1. Show that adding a scalar multiple of one column to another leaves both the column rank and the row rank of a matrix unaltered.
   
2. Deduce from 1 that the row rank equals the column rank.
   

HINT: 1. Use the fact that $\varphi((x_1,x_2,...,x_n))=(x_1+\beta x_2,x_2,...x_n)$ (where $\beta$ is a fixed scalar) is an isomorphism from $F^n$ to itself.
2. Reduce the columns not belonging to a column basis to null vectors.

My attempt:
$1\le k,p\le n$ are fixed numbers. Let $A_{m\times n}$ and $B_{m\times n}$ be matrices such that
$B_{*j}= \begin{cases} A_{*j} &\quad\text{if, } j\ne k\\ A_{*k}+A_{*p} &\quad\text{if, } j=k\\ \end{cases}$ $\quad\forall j=1,2,...n$

Let $S_1=\mathcal{R}(A)$ and $S_2=\mathcal{R}(B)$ where $\mathcal{R}$ represents the rowspace of a matrix. $V_1,V_2$ are vector spaces over $F^n$.

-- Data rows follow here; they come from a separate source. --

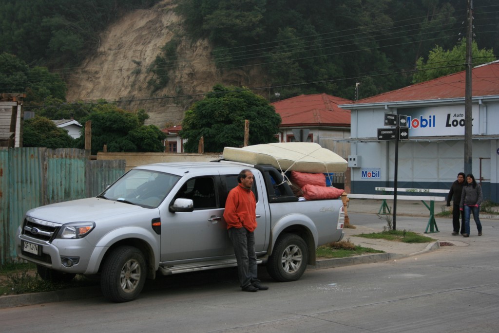 Très mal dormi pour Coucoux car il y a de nombreuses répliques. Babé, lui ronfle comme d’habitude. Le matin, il se rend à pieds à Arauco à 20km de là. C’est la grosse ville du coin et on espère bien dénicher des secours. Après avoir passé les nombreux éboulements sur la route, il arrive à faire du stop sur les derniers kilomètres.
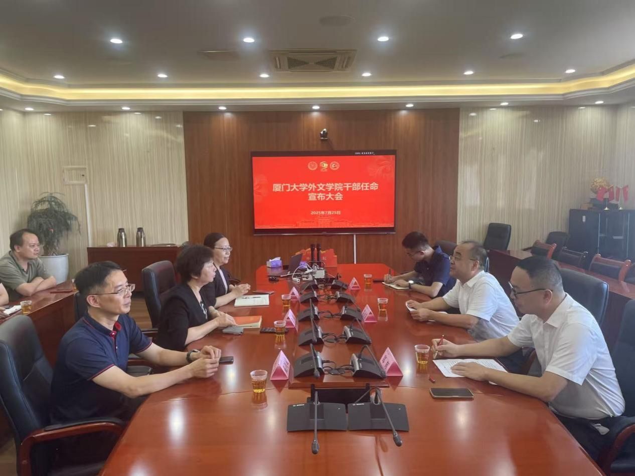 2025年7月25日,厦门大学外文学院召开教师干部会议,校党委常委、组织部部长黎永强出席会议。外文学院领导班子成员、教工党支部书记、科级干部和教职工代表参加会议。会议由黎永强主持。
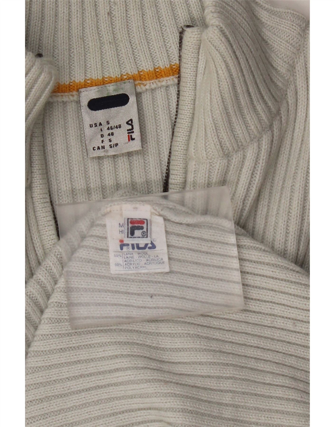 FILA Womens Zip Neck Jumper Sweater UK 10 Small Grey Striped Wool
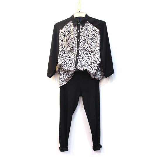 This is a set of womenswear made of soft chiffon. It features a printed shirt and a pair of pants. The shirt comes with eye-catching tiger patterns for added uniqueness.
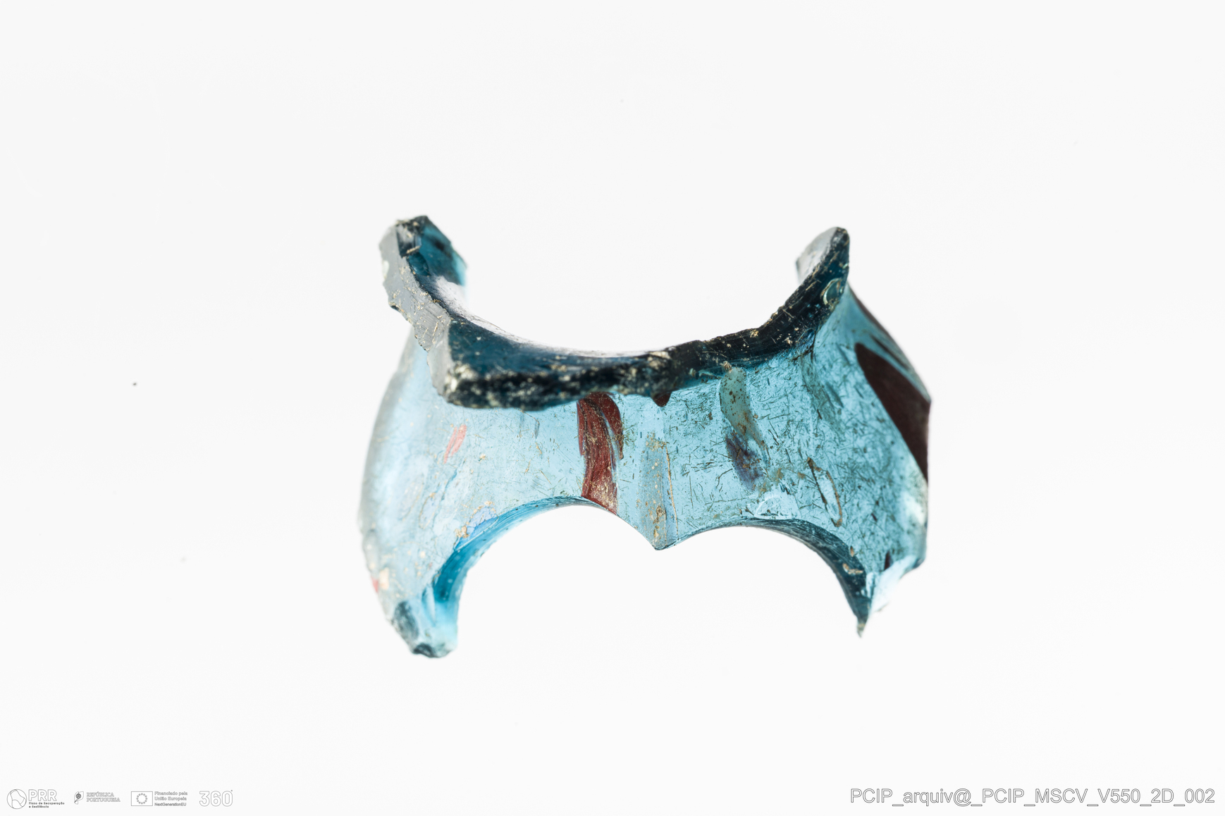 Matéria/Técnica: Vidro; Cronologia: Século XVII; Autoria: Desconhecida; Dimensões: comprimento: 22mm; Largura: 16mm.
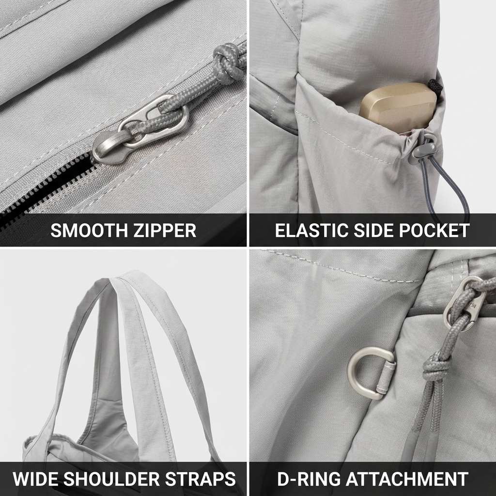 【Super Detailed and Thoughtful】Elastic side pockets for easy access, wide shoulder straps for greater comfort, smooth zipper + D-ring for practical enhancement.
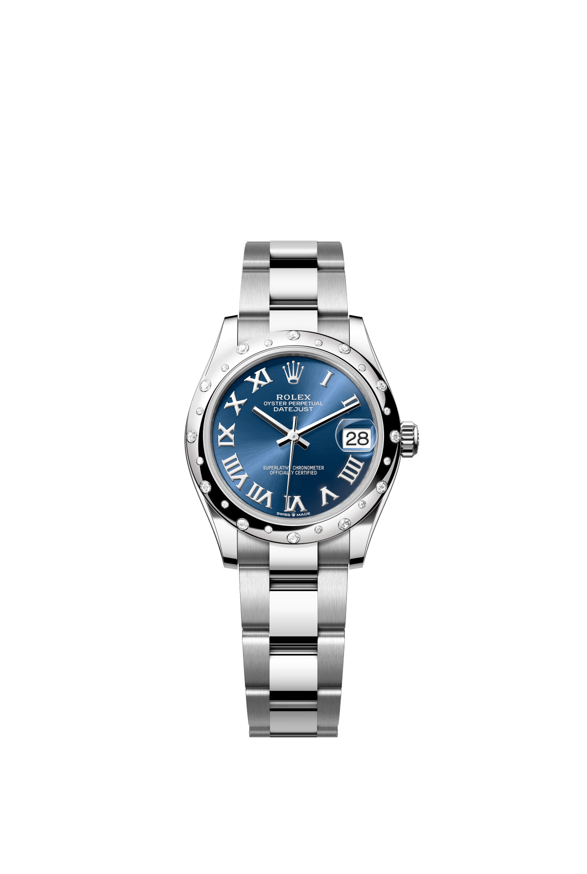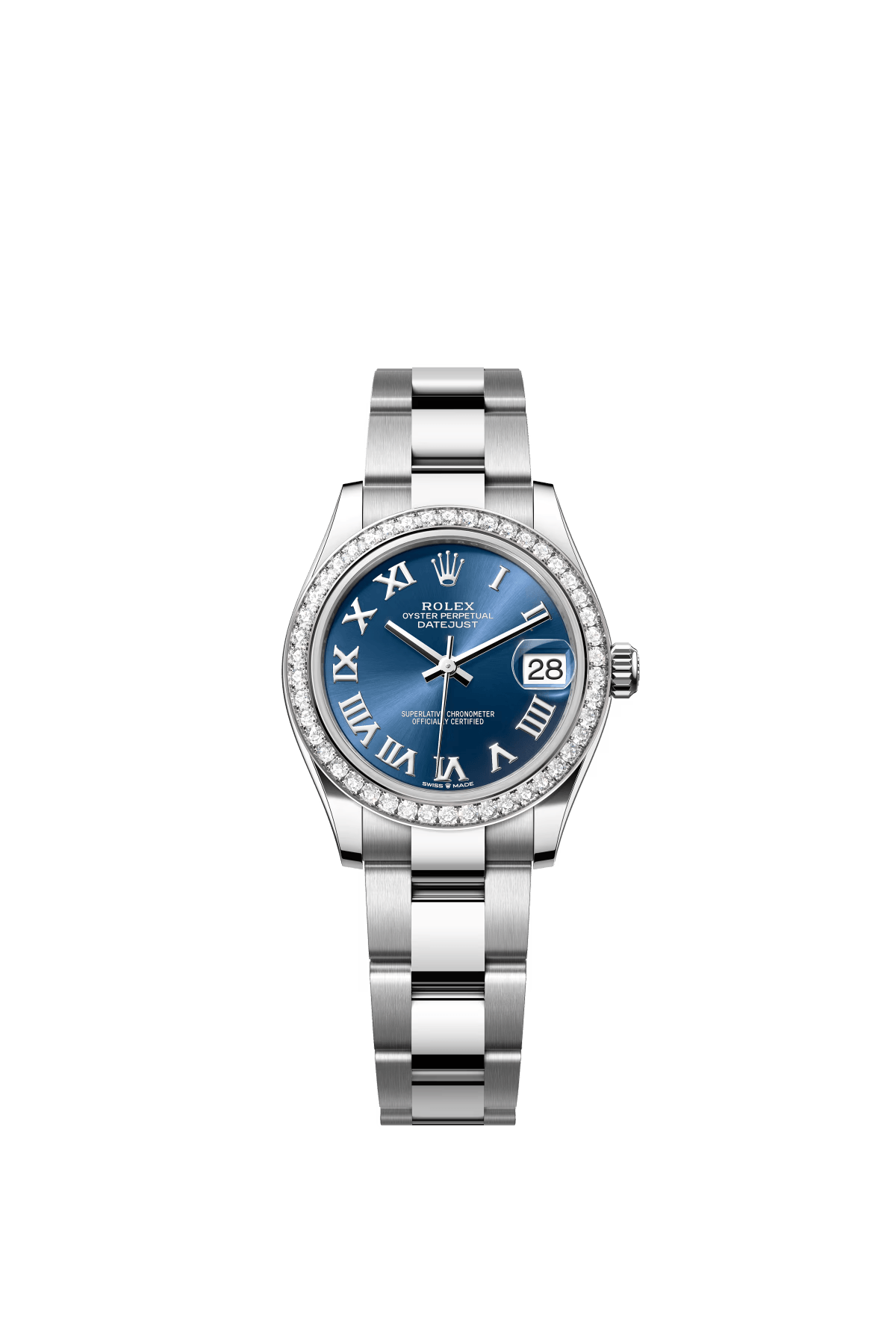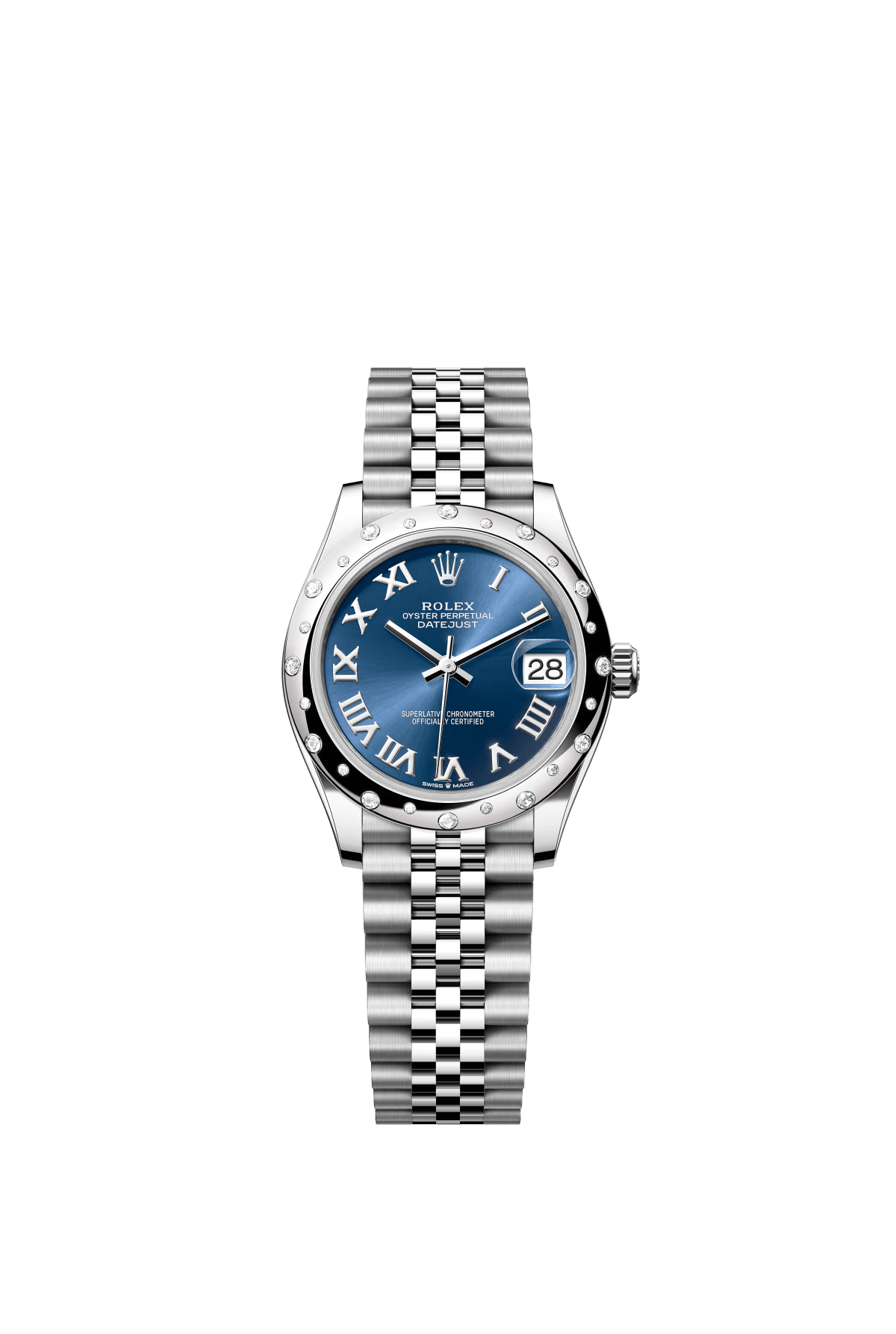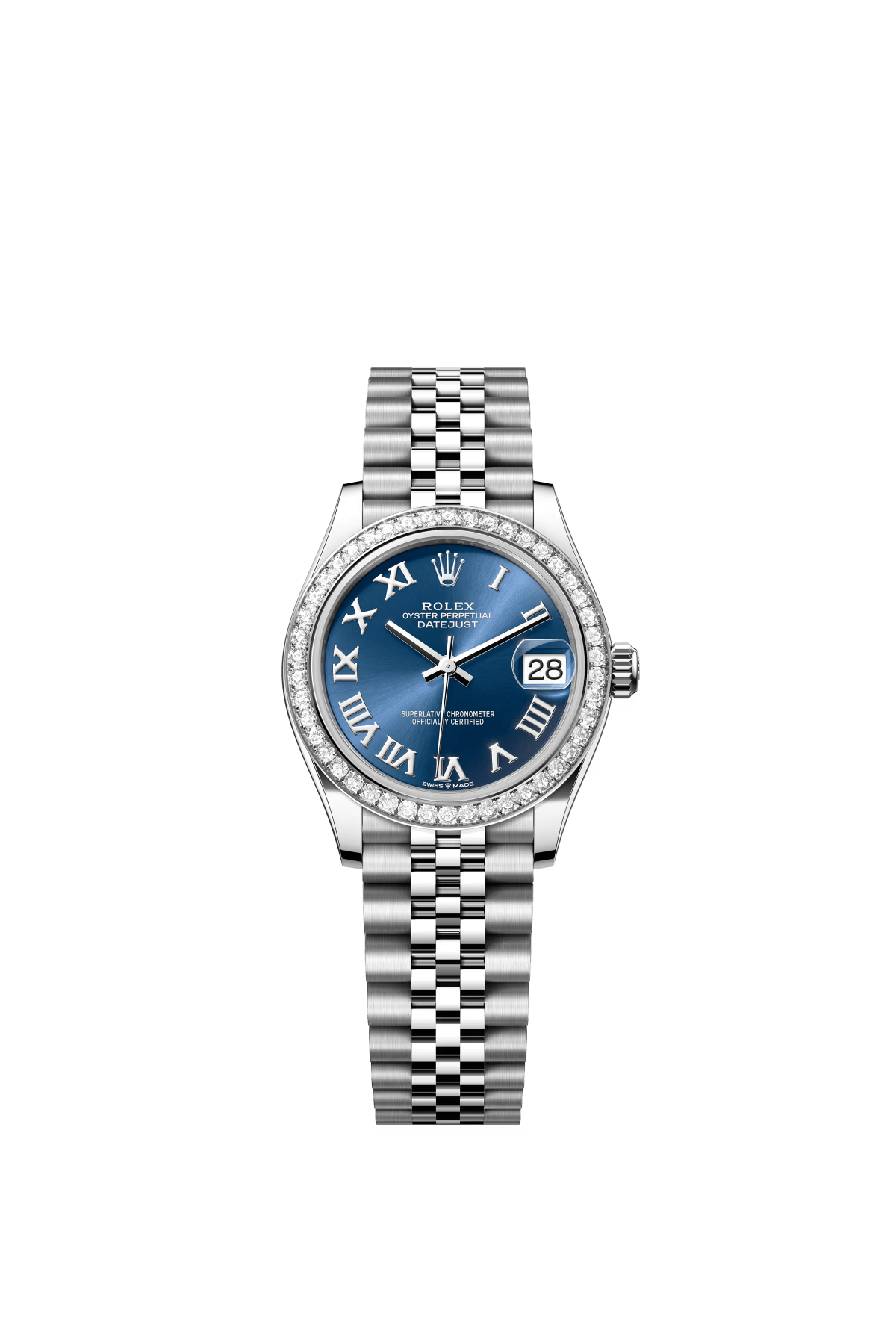 The Oyster Perpetual Datejust 31 is available in white gold and Oystersteel with a bright blue dial and an Oyster bracelet. -m278274-0033
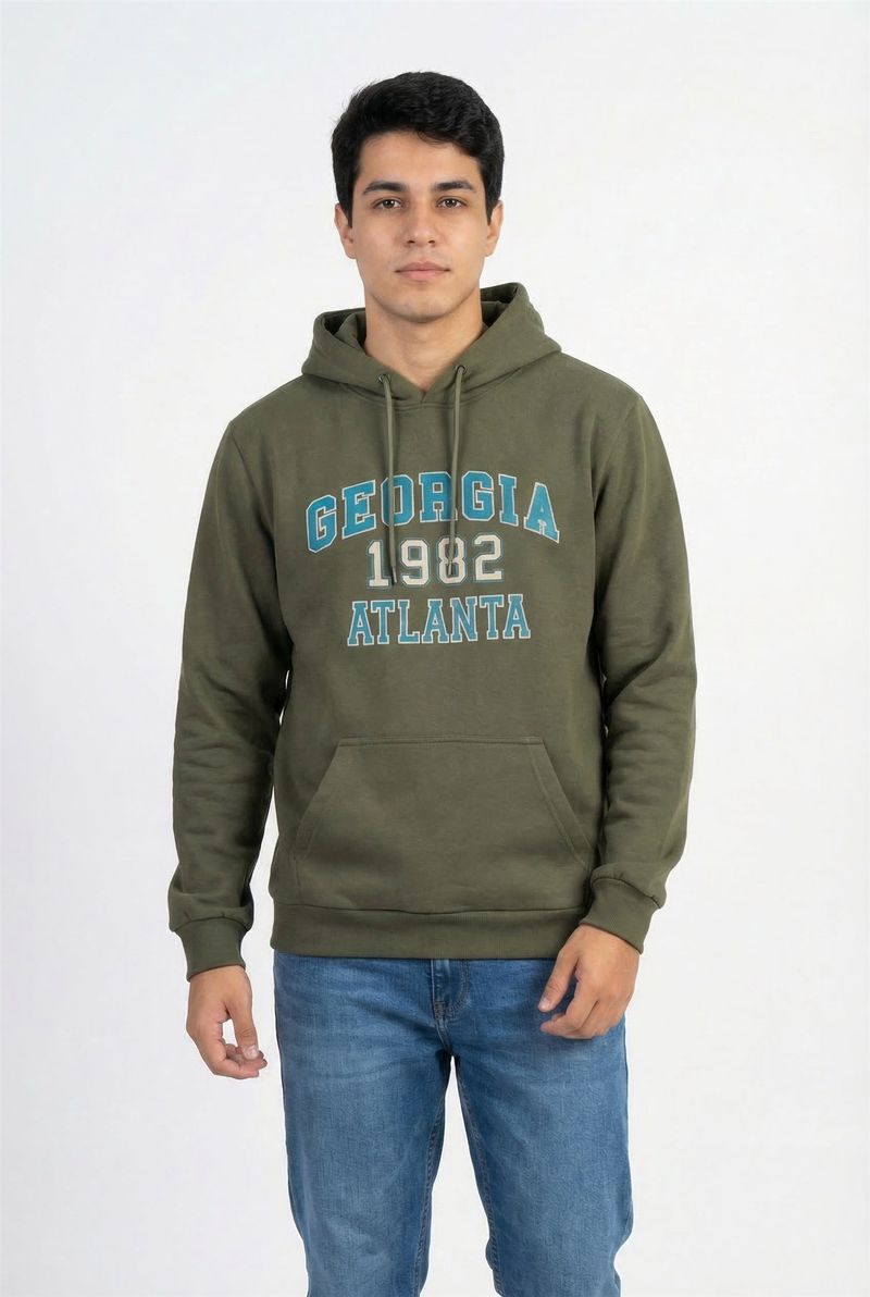 Eleve seu estilo com o Moletom Masculino Casual Verde Militar Caedu. Confeccionado em moletom com felpa 100% poliéster, oferece conforto e durabilidade. A cor verde militar, com um sutil tom pistache, traz um toque de modernidade, enquanto a estampa 'Georgia 1982 Atlanta' adiciona um charme urbano e nostálgico. Ideal para quem busca estilo e conforto em uma única peça.
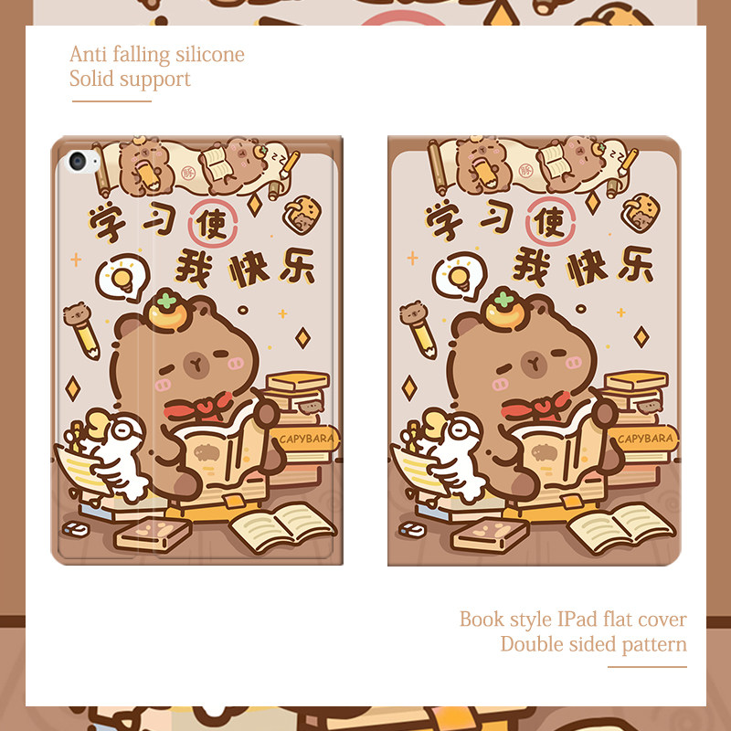 可爱励志卡皮2021/20/19新款ipad适用air4/3/2气囊保护套10.2/9.7寸平板2018笔槽pro11三折mini4/5苹果123壳6

We define $\varphi: F^n\longrightarrow F^n$ such that $$\varphi((a_{i1},a_{i2},...,a_{ik},...,a_{in}))=(a_{i1},a_{i2},...,a_{ik}+a_{ip},...,a_{in})$$ $\Rightarrow\varphi(A_{i*})=B_{i*}$

Using the hint, we know that $\varphi$ is an isomorphism from $F^n$ to itself
$\Rightarrow S_1$ is a subspace of $F^n$ so $\varphi(S_1)=S_2$ is a subspace of $F^n$ in the same dimension
$\Rightarrow \dim(\mathcal{R}(A))=\dim(S_1)=\dim(S_2)=\dim(\mathcal{R}(B))$

Similarly, $\dim(\mathcal{C}(A))=\dim(\mathcal{C}(B))$ where, $\mathcal{C}$ represents the column space of a matrix.

a) Is my attempt correct? Is there a better approach?
b) I know a general proof to the 2 but can't understand how to deduce it from 1.

Answer 1

a) Don't seem to have problem.

b) Since row operation is dual to column operation, reduce $A$ to its RREF, which has equal row rank and column rank, or further column-reudce its RREF to most column-reduced form $C$ such that it is eminant that its column rank equals its row rank (by counting remaining non-zero entries in the matrix), hence column rank of A= column rank of C= row rank of C= row rank of A.

Note that though only one type of operations (adding a scalar multiple to others) is available, it still convert $A$ to its RREF except all leading entries may not be 1.